## About this exercise
Look for the line containing "Right side with" and the line containing "- 群公告发布成功后,系统自动@全体成员,提醒用户及时查看信息" in the entries below. Copy those two and all lines between them exactly, leaving out pictures.

## Material for the task
<<<<

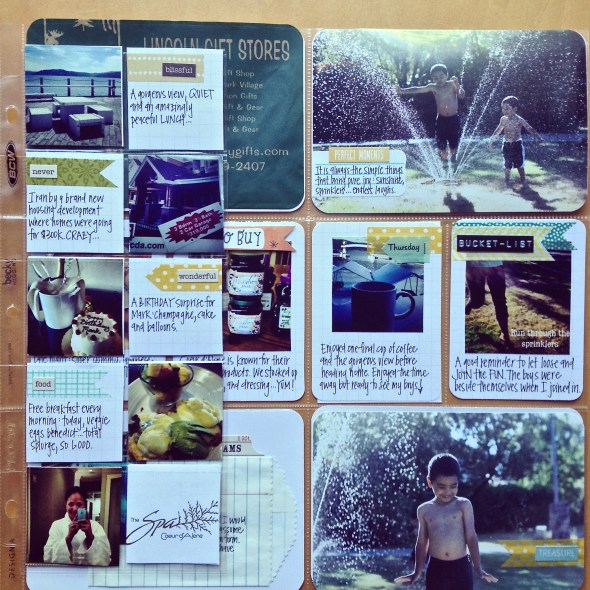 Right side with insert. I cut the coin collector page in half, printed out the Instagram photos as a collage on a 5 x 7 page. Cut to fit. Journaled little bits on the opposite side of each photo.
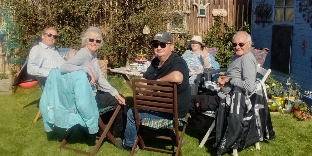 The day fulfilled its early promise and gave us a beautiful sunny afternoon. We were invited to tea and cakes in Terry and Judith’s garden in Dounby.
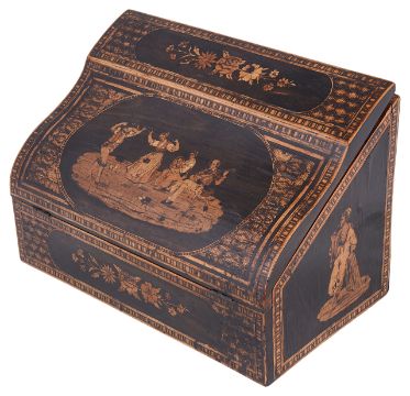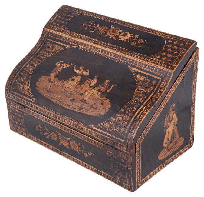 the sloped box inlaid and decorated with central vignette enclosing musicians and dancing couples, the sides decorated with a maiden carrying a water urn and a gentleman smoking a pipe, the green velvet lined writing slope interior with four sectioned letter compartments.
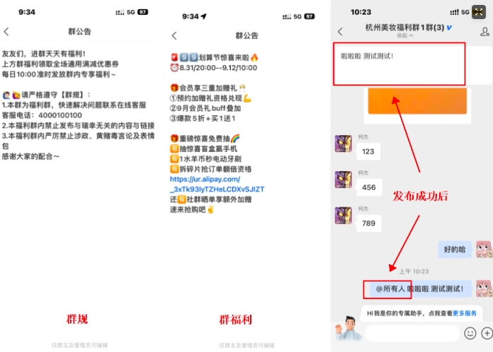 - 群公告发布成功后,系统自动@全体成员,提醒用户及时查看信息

>>>>
<<<<

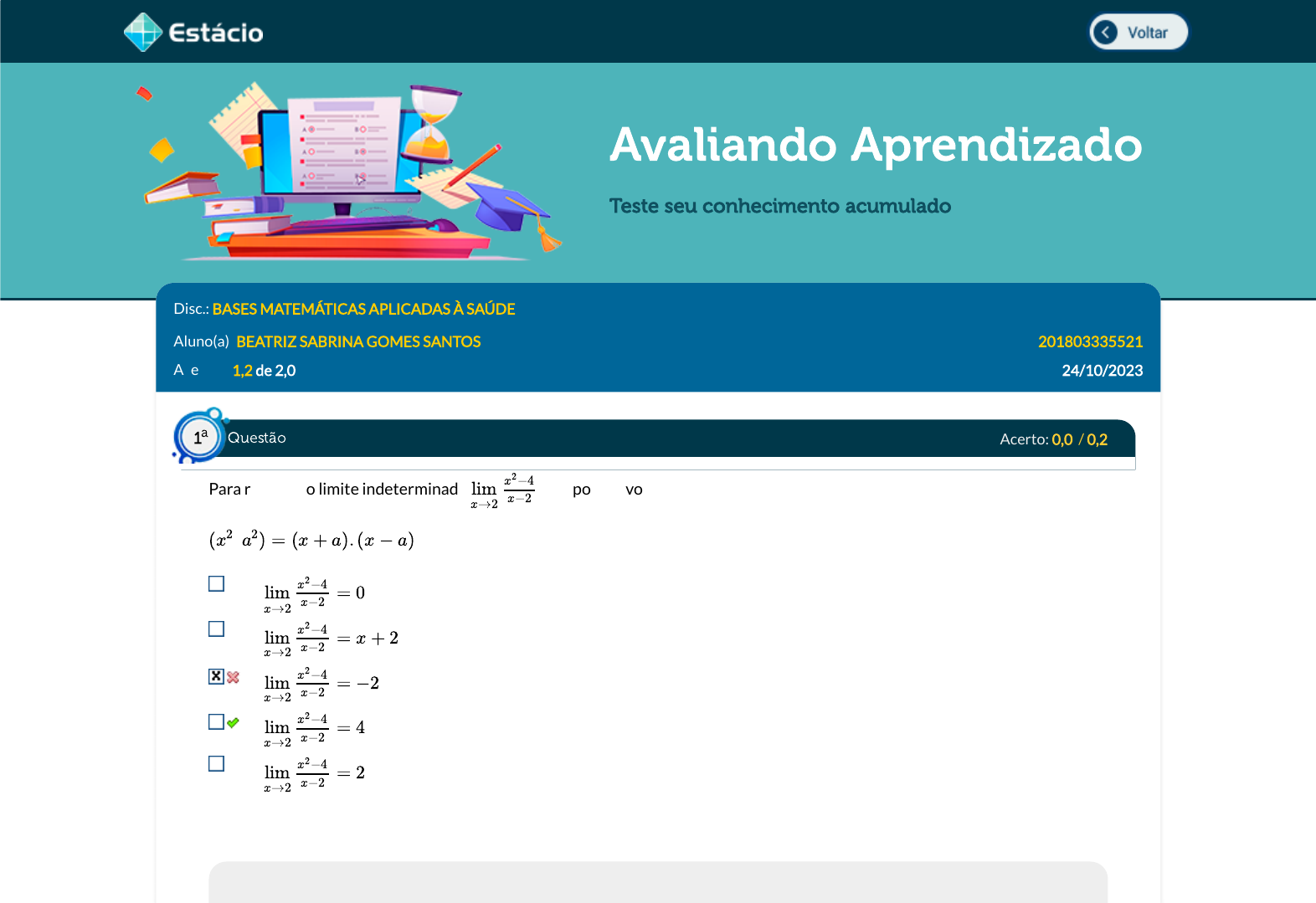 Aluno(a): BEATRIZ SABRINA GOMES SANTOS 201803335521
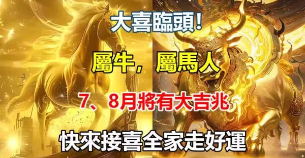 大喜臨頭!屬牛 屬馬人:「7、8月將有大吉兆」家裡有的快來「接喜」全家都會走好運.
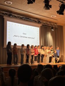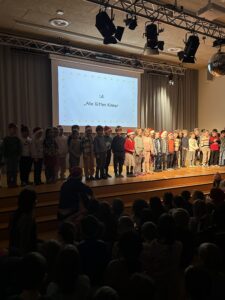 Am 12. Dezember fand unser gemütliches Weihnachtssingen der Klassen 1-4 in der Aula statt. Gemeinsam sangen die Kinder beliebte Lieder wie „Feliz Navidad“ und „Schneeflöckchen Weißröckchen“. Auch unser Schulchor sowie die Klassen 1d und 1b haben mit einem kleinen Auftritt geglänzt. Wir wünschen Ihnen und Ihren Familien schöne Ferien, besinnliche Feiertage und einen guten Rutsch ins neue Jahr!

>>>>
<<<<

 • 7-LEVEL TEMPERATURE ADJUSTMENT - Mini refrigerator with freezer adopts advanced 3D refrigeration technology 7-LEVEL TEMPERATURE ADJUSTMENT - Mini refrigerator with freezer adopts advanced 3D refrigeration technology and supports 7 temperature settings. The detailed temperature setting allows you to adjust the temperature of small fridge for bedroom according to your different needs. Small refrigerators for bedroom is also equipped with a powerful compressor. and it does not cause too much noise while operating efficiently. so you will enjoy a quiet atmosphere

>>>>

## Result below
 Right side with insert. I cut the coin collector page in half, printed out the Instagram photos as a collage on a 5 x 7 page. Cut to fit. Journaled little bits on the opposite side of each photo.
 The day fulfilled its early promise and gave us a beautiful sunny afternoon. We were invited to tea and cakes in Terry and Judith’s garden in Dounby.
 the sloped box inlaid and decorated with central vignette enclosing musicians and dancing couples, the sides decorated with a maiden carrying a water urn and a gentleman smoking a pipe, the green velvet lined writing slope interior with four sectioned letter compartments.
 - 群公告发布成功后,系统自动@全体成员,提醒用户及时查看信息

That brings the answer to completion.